An ISA is a tax privileged way of saving or investing your money in the UK. The ISA was introduced in 1999 to replace the previous methods of saving and investing which were PEPs (Personal Equity Plans) or TESSAs (Tax-Exempt Special Savings Accounts). These earlier products were often criticized as being targeted and beneficial only to the middle classes, whereas the ISA was introduced with the idea that it would appeal to all people.
History of the ISA
Before March 2007 there were two varieties of ISA. There were Mini ISAs and Maxi ISAs. However, during the budget of March 2007 these were eradicated as the limits for the 2008/2009 tax year were increased.
Preceding this, there were also TESSA-only ISAs or TOISAs. These were introduced to enable any original capital (not including any interest) invested in a TESSA to be reinvested tax-free.
Components of an ISA
ISAs can include two components:
1. Firstly, a cash component. Like regular savings accounts this is a cash deposit except with an ISA it is tax free. Incidentally, a TOISA must consist completely of a cash deposit.
2. Secondly, a stocks and shares component. Here the money can be invested in any amalgamation of “qualifying investments”. Such as stock market equity investments, cash awaiting investment, or public debt securities. Therefore, the risk of the ISA can vary from low to high depending on the types of investments included in the ISA.
3. Lastly, the insurance component. This was only applicable up to the 2005/2006 tax year when maxi and mini ISAs were still available.
Can I transfer my ISA?
This can be done but not between differing types of ISAs. It can also only be done between managers. The saver cannot transfer the money as this will then be deemed as a withdrawal and therefore the saver will no longer be able to put it in an ISA if their subscription period is up.
Subscription limits
Limitations are applied to ISAs in each tax year and these can influence both the variety of ISA of which you subscribe to and the amount of money that you can invest.
As long as you are 18+ and a resident of the United Kingdom you are entitled to invest into one “maxi” ISA or two “mini” ISAs, (one for each component, please see above). These Mini ISAs can be with different providers if you so choose.

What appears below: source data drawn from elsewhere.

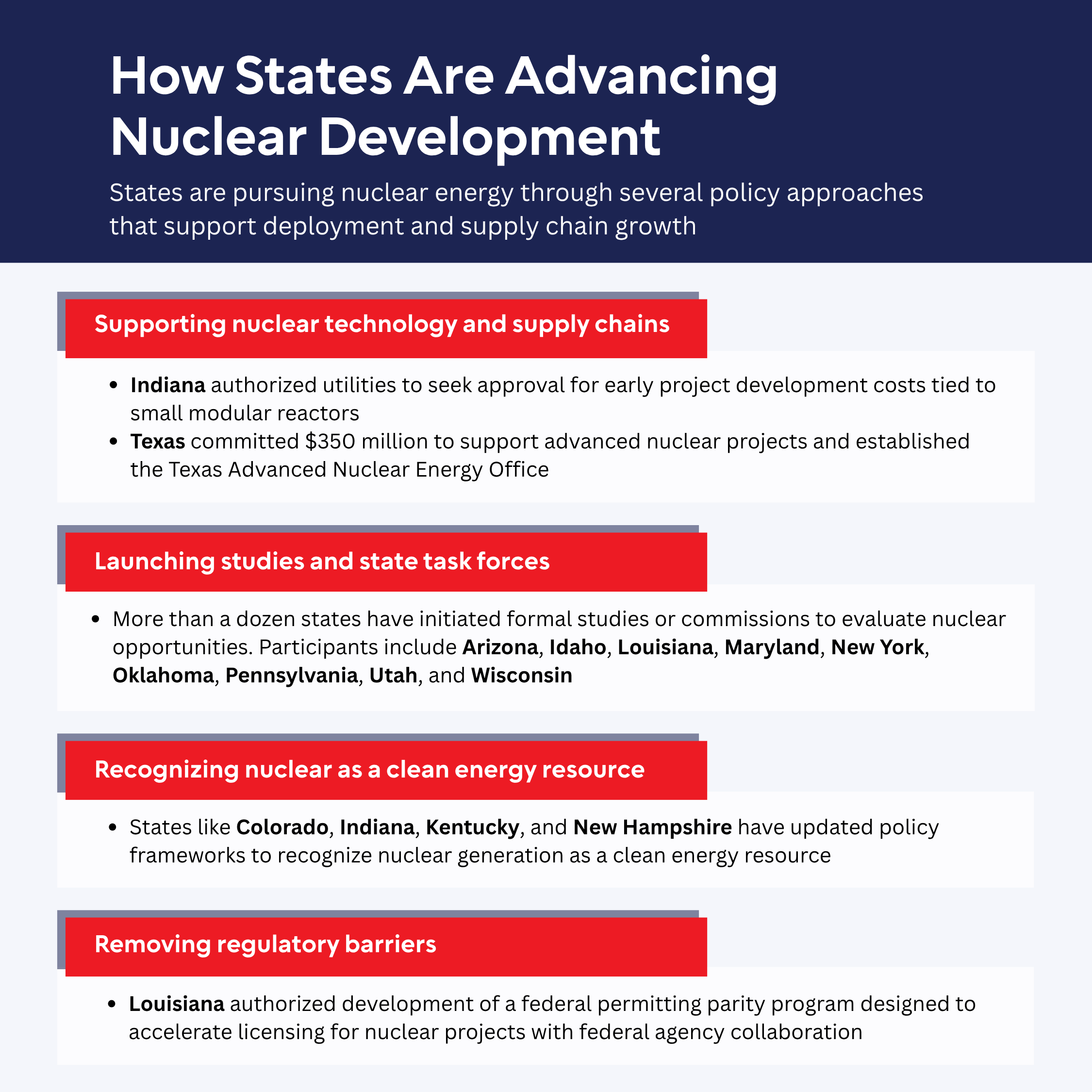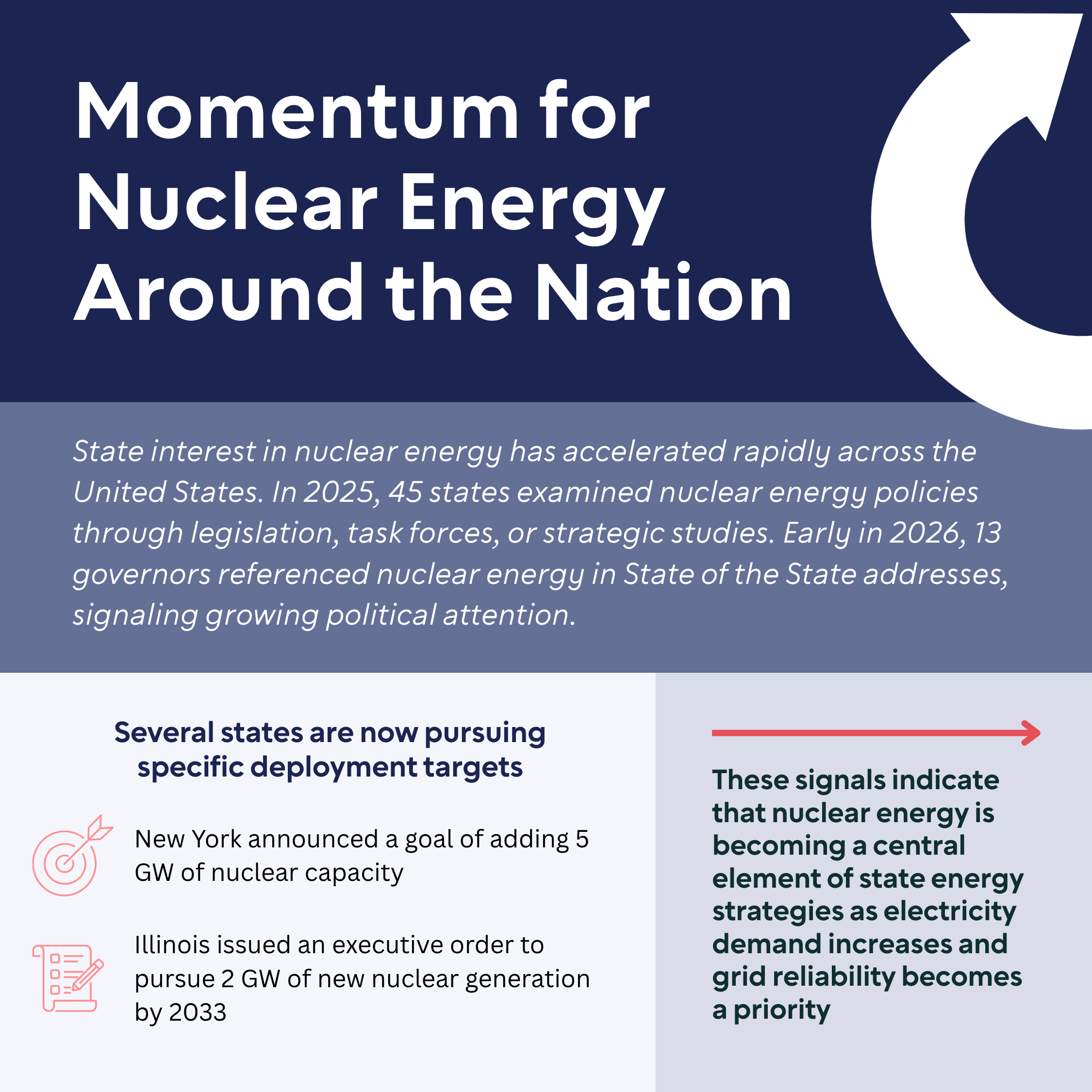 Electricity demand is rising for the first time in decades while federal policy, private investment, and state strategies are increasingly aligned around nuclear energy. At the same time, several states are moving quickly to position themselves for new projects and supply chain investment. These conditions create a narrow window in which states with existing nuclear industries can translate that foundation into long-term economic leadership.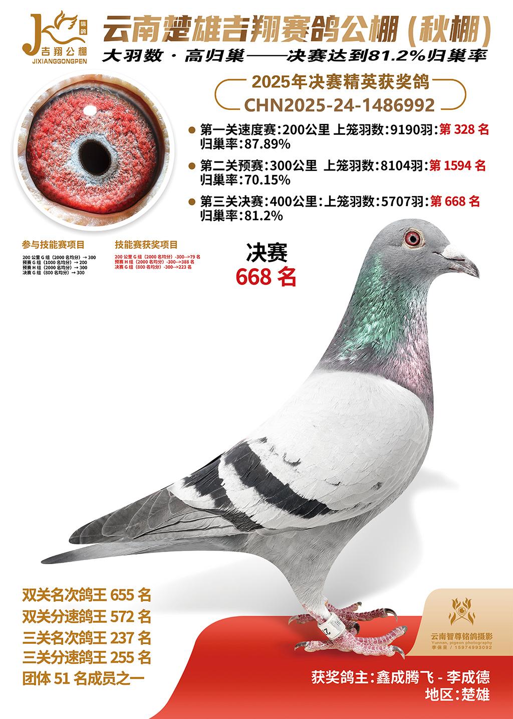 | 鸽主姓名 | 鑫成腾飞-李成德 |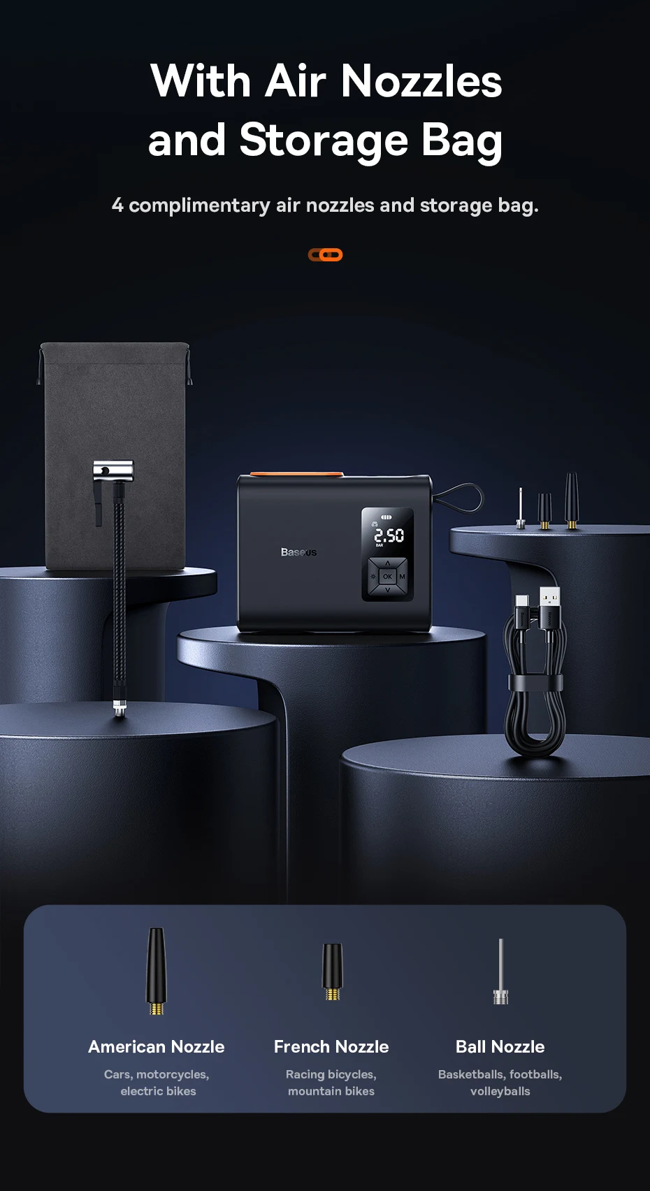 4 boquillas de aire y bolsa de almacenamiento gratuitas.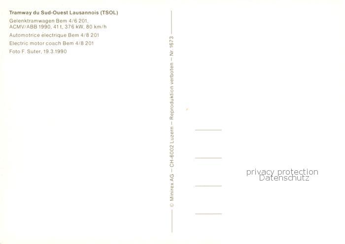 73900878 Eisenbahn Railway Chemin de Fer Tramway du Sud ouest Lausannois TSOL Bem 4/6 201 postalisch nicht gelaufen Erhaltung siehe scans [IrynaD87] KatCode: 22040000000300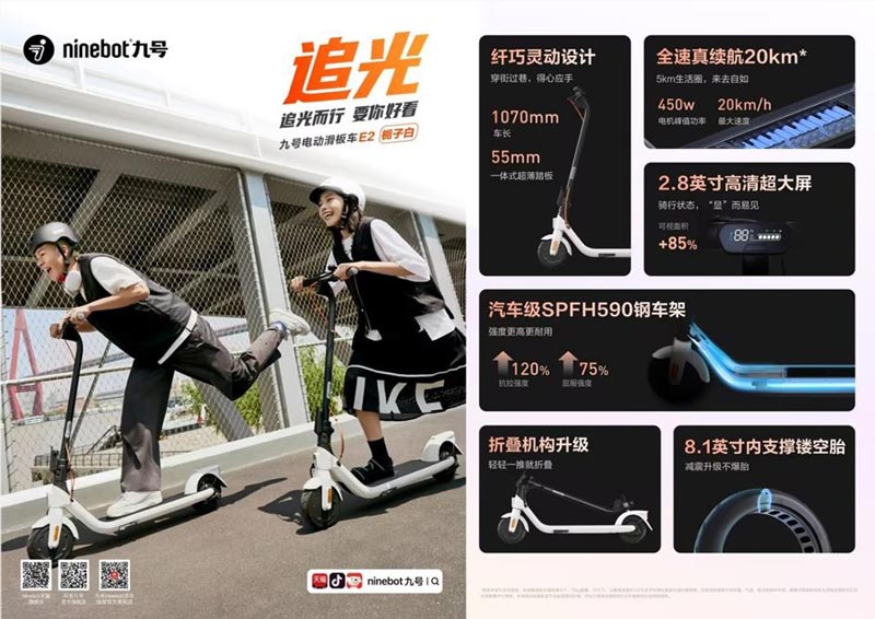 九號電動滑板車:F2 系列高能亮相,E2 梔子白新色入列,C2 Pro童趣滿滿
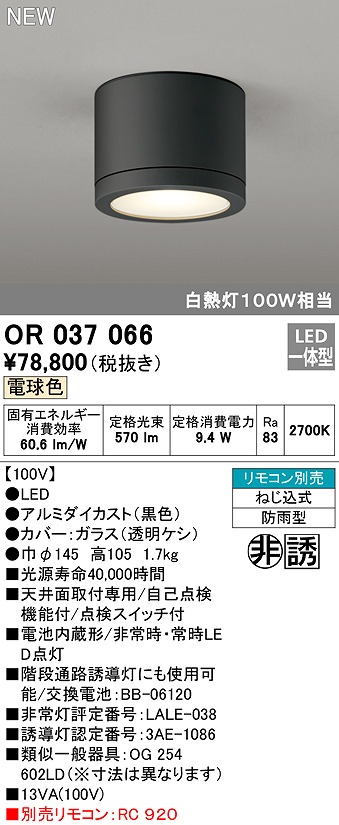 オーデリック OR037066 非常灯 誘導灯 リモコン別売 直付型 LED一体型 電球色 電池内蔵形 防雨形 ブラック [戻る]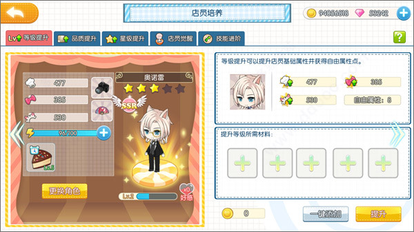 等级提升:提升等级可以用经验书也可以吃其他店员来升级(好残酷的喵星人世界)……可以手动挑选材料也可以交给系统君一键添加。这里要说一下,只有珍贵度在R以下的路人店员也就是N级店员会被一键添加,所以店长们不用担心自己心水的小哥哥会遭遇被吃掉的命运了。(什么?你说喜欢N级的?!emmm……)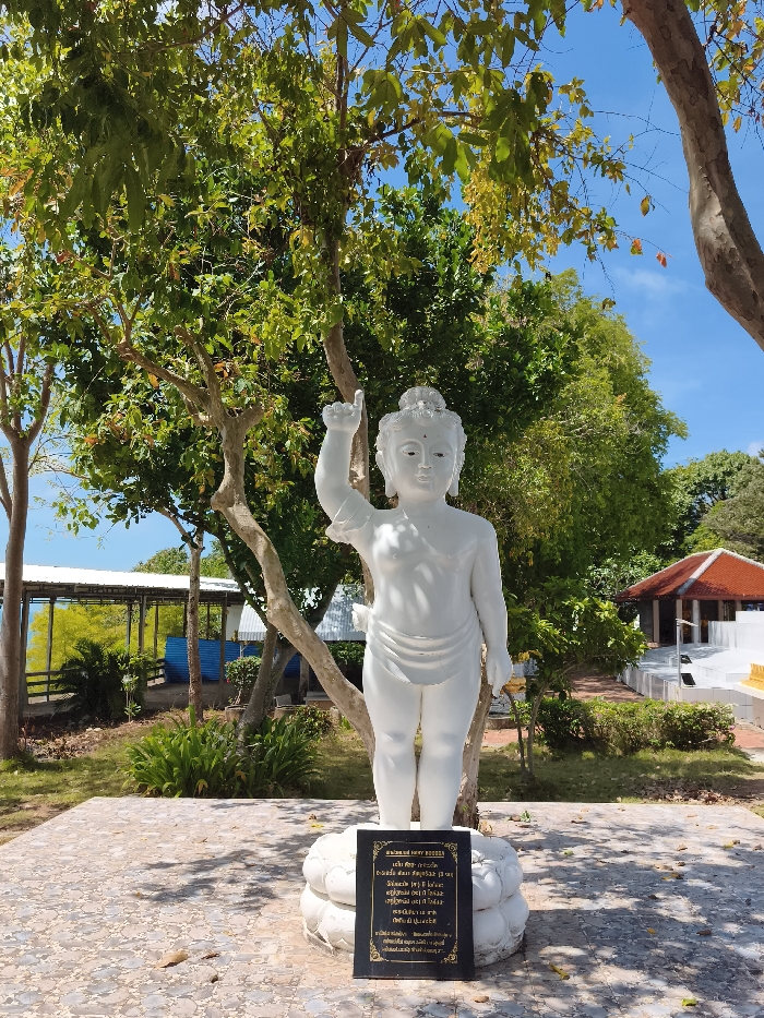 A white statue of a young Buddha stands on a stone platform under a tree. His right hand is raised with a finger pointing upward. A black plaque with text is at the base of the statue. In the background are green trees and plants, and partially visible buildings, one with a red roof. The sky is blue with scattered clouds.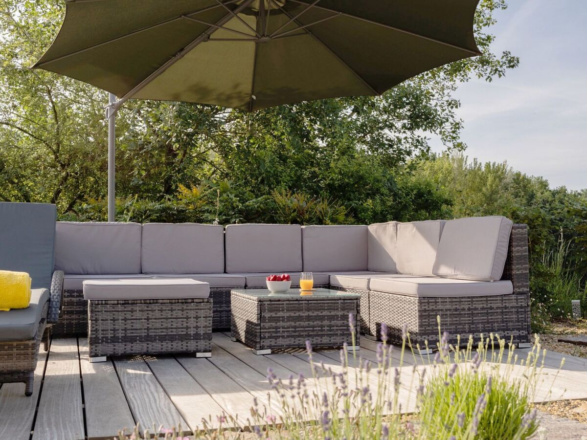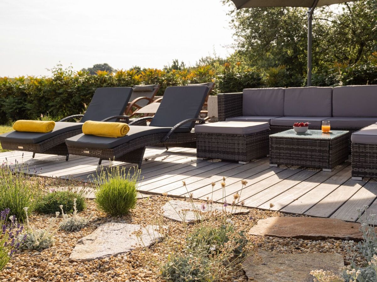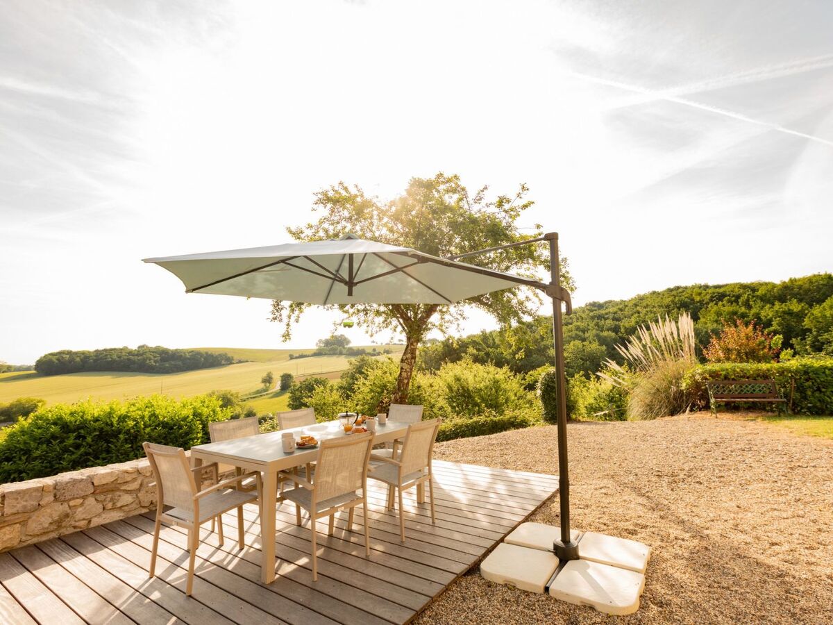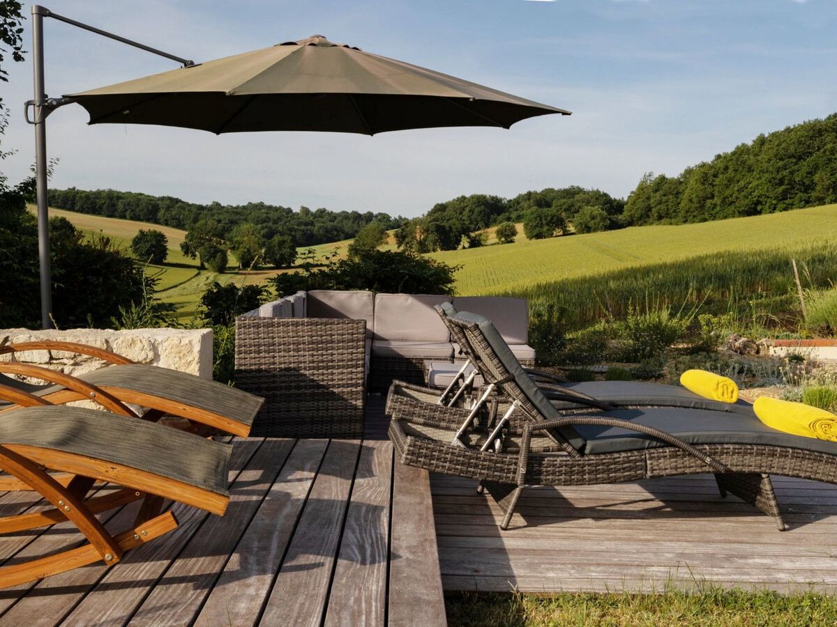Une vue sans nuisance, ni vis à vis et un calme absolu pour profiter des différentes terrasses avec mobilier de jardin et parasols : une terrasse avec vue sur le soleil levant prés de la cuisine pour le petit déjeuner (un régal!), une terrasse solarium avec bains de soleils et coussins, chiliennes, salons de jardin en résine avec coussins, parasols...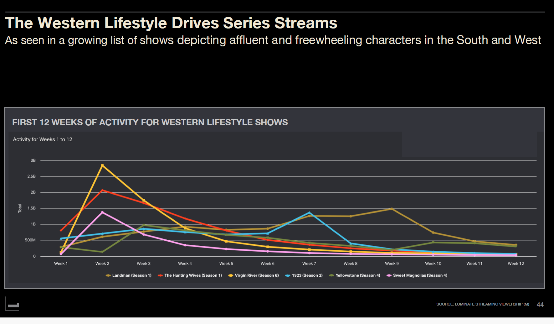 첫 12주간 웨스턴 라이프스타일 시리즈의 성과를 보면, 넷플릭스의 '랜드맨' 시즌1이 압도적이다. 2주차에 30억 분 가까이 시청되며 정점을 찍었다. 넷플릭스의 '더 헌팅 와이브스' 시즌1이 2위, '버진 리버' 시즌6가 3위를 기록했다. 패러마운트+의 '1923' 시즌2, 피콕의 '옐로스톤' 시즌4, 넷플릭스의 '스위트 매그놀리아스' 시즌4도 상당한 시청률을 기록했다.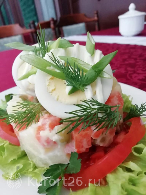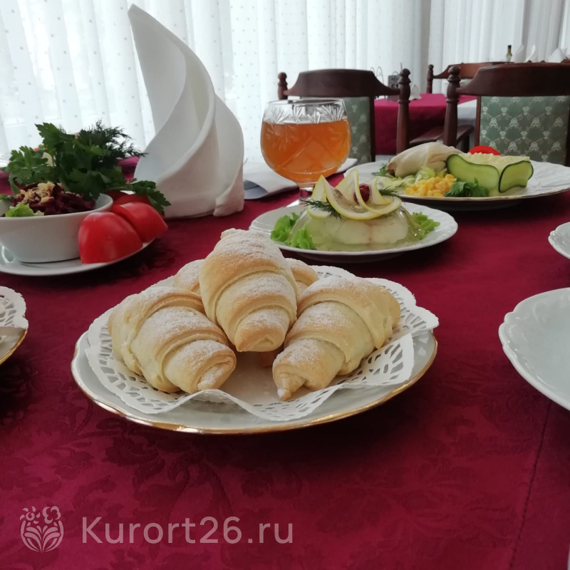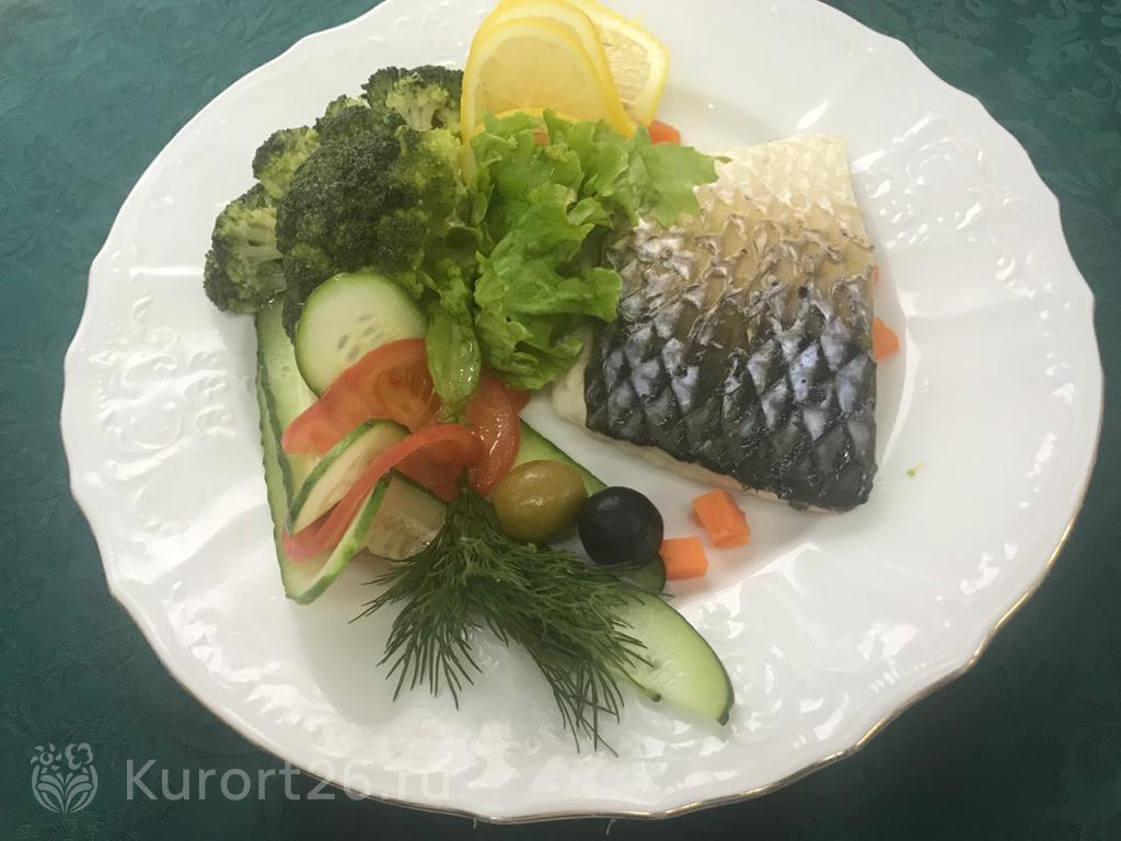 Трёхразовое питание «шведский стол». Отдельное заказное меню для гостей категории «Люкс». Есть специальные диеты — антихолестериновая и низкокалорийная. На территории: банкетный зал, летний бар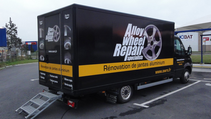 Alloy Wheel Repair, voilà comment se nomme ces spécialistes de la rénovation des jantes alu sur Rennes. En effet, mon concessionnaire Porsche VW me proposait uniquement de remplacer une de mes jantes. C’était sa seule solution, facture 425 € hors pose… voyez-vous ça !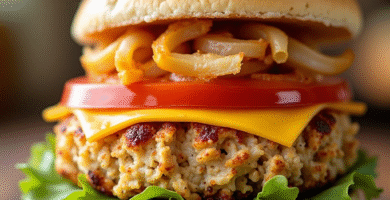 Receta de Hamburguesa de Pollo con Empanadas de Cebolla y Jengibre, inspirada en la Aleación de Sabores de Moline, Illinois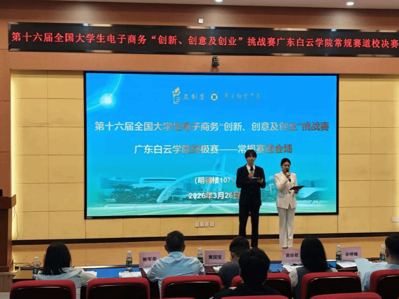 2026年3月26日下午,第十六届全国大学生电子商务“创新、创意及创业”挑战赛(简称“三创赛”)广东白云学院常规赛道终极赛在北校区明德楼107教室隆重举行。本次大赛由创新创业学院主办,旨在激发大学生兴趣与潜能,培养创新意识、创意思维、创业能力以及团队协同实战精神。

If you are aged between 16-18 and a resident of the United Kingdom you are entitled to open a cash “mini” ISA or a “maxi” ISA if you invest into the cash component.
Limits have been set by the government (up to and including 2007/2008), as to the amount that can be deposited into an ISA. These are set out below:
Mini ISA:
Cash up to three thousand pounds.
Stocks and shares up to four thousand pounds.
Maxi ISA:
Stocks and shares up to seven thousand pounds.
As previously mentioned the March 2007 Budget increased the limits for the 2008/2009 tax year and the difference between a maxi and mini ISA abolished. Therefore:
ISAs now have a subscription limit of seven thousand two hundred pounds which may be invested as follows:
Cash up to three thousand six hundred pounds.
Stocks and shares up to seven thousand two hundred pounds.
The Chancellor of the Exchequer can once again change these limits in the Budget.
Tax Treatment
Income and capital gains are all tax-free. A charge of 20% is applied to interest on any cash invested in a stocks and shares component.
ACT (advance corporation tax) used to be charged to companies when they paid dividends, however, this ended on 6th April, 1999.When this was applicable, the receiver of a dividend was entitled to a tax credit which reflected the ACT payable by companies. This tax credit was in order to lower the amount of tax paid by the receiver of a dividend.
However since April 1999, companies are no longer subject to paying ACT. To begin with dividends were accompanied with a “notional” 10% tax credit however this was gradually phased out between 6th April 1999 and 5th April 2004 thus reducing the tax-free status. Therefore, the savings account used for income rather than capital growth is far less tax efficient when placed in an equity fund, whereas a savings account based on other assets (bonds etc.) remains tax-free in relation to both income and capital growth.
CAT standards
This stands for Charges, Access and Terms. CAT standards were introduced by the Government in 1999 to make ISAs easier to understand and result in lower costs, therefore appealing to more investors. Plenty of products comply with the Cat standard however this does not guarantee the investor that they are being advised on the best type of investment for them.
Charges
ISA cash component: The only charge that applies to this type is when transferring to another provider otherwise it is free of charges.
Collective funds in Stocks and Shares: Initial and yearly charges are often applied as though outside an ISA.
Self Select Stocks and Shares ISAs: As these are provided by stockbrokers a brokerage fee again comparable to those outside an ISA, often applies. On top of this, the stockbroker may also apply their own fee by way of administrational costs.
Fund Supermarkets
These are ISA providing organizations which give admittance to a large variety of collective investments provided by a range of fund managers. They enable investors to create one diverse ISA so that they can transfer their investments between funds without having to alter their provider.
They are becoming increasingly popular as they provide the investor with a variety of options. They are paid by the fund managers and therefore there is also no charge to the investor.